Baguio pushes plastics ban

BAGUIO CITY, Philippines—Residents have launched an online petition to compel the city government to enforce a ban on plastic bags, which should have taken effect in 2012.

Baguio was the subject of a January 2012 writ of kalikasan after its only dump in Barangay (village) Irisan eroded into a neighboring community in Tuba town, Benguet province, in August 2011, forcing the city government to spend up to P200 million in the succeeding years to haul garbage to commercial dumps.

The city has been developing a waste management facility so that collected garbage can instead be stored to fuel a thermal power plant, according to Romeo Concio, the city’s general services officer.

But the petitioners over at www.change.org said waste management could be sped up once the city government “enforces the ban on plastic bags, as mandated by City Ordinance No. 26 that was crafted in 2007.” It said the ordinance “should have taken effect back in 2012.”

“As litter, plastic bags find their way into our waterways, parks and streets, causing floods and preventable casualties during strong rains … The Irisan trash slide in 2009, which claimed six lives, was an avalanche of our accumulated plastic and mixed wastes from more than three decades. The cleanup after the trash slide entailed gathering these plastics once more to dump in Capas, Tarlac,” said the petition.

“This year, the city has budgeted P85 million for hauling and tipping fees to dispose of residual wastes, which are largely composed of disposable plastics. One ton of garbage costs P1,833 for hauling and tipping fees and we spend P232,876 per day to dispose of an average of 127 tons of residual wastes to be transported and dumped in a landfill in Urdaneta City. Such an amount could be better spent on social services that are needed by our citizenry.”

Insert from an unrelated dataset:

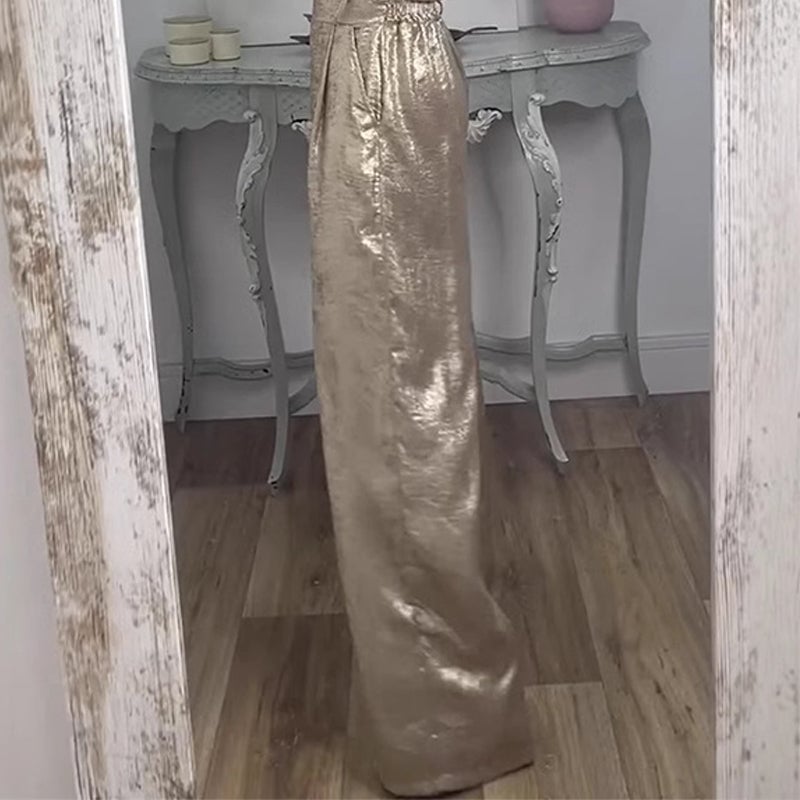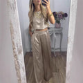 Women’s 2-Piece Glossy Outfit Tank Top & Wide Leg Pants

The plastics ban ordinance requires consumers to instead use reusable supermarket bags.

A plastics ban is already being enforced in Bontoc town, the capital of Mt. Province, which was also slapped with a writ of kalikasan in October 2012 because of its open dump that had been operating near the banks of Chico River.

The ban took effect in June 2013.

But there are still no answers as to how the town will address its abandoned dump. The municipal administrator’s office has disclosed plans to convert the dump into an ecopark similar to the program being developed in Irisan.

On Thursday, Oscar Cabanayan, Cordillera director of the Environmental Management Bureau (EMB), said he planned to commission a study to determine whether removing the dump from the river is more cost-effective.

The Bontoc dump is about 100 meters from the riverbanks. A major Cordillera river system, Chico River starts from Mount Data in Mt. Province and traverses the towns of Bauko, Sabangan and Bontoc, as well as communities in Tinglayan and Pasil towns and Tabuk City, the capital of Kalinga province.

The Bontoc dump was decommissioned in August 2013.

In the Benguet capital, La Trinidad town, officials were given until June 30 to repair and fix its engineered sanitary landfill (ESL) in Barangay Alno after the EMB concluded that its operations violated its own environment compliance certificate (ECC).

Cabanayan said the agency had informed the La Trinidad government as early as 2010 about the structural defects in the Alno ESL.

Alno’s most pressing problem at the moment is one of its landfill cells containing garbage that is beyond its carrying capacity, Cabanayan said.

“We need to immediately haul out the garbage and stop dumping to give way to the rehabilitation of the Alno dump,” said La Trinidad Mayor Edna Tabanda.

She said the municipal council had allocated P7.1 million to haul  garbage from the Alno dump to commercial landfills in Tarlac or Pangasinan provinces.

La Trinidad produces 93 tons of mixed garbage each day but only 50 tons are hauled to the Alno dump.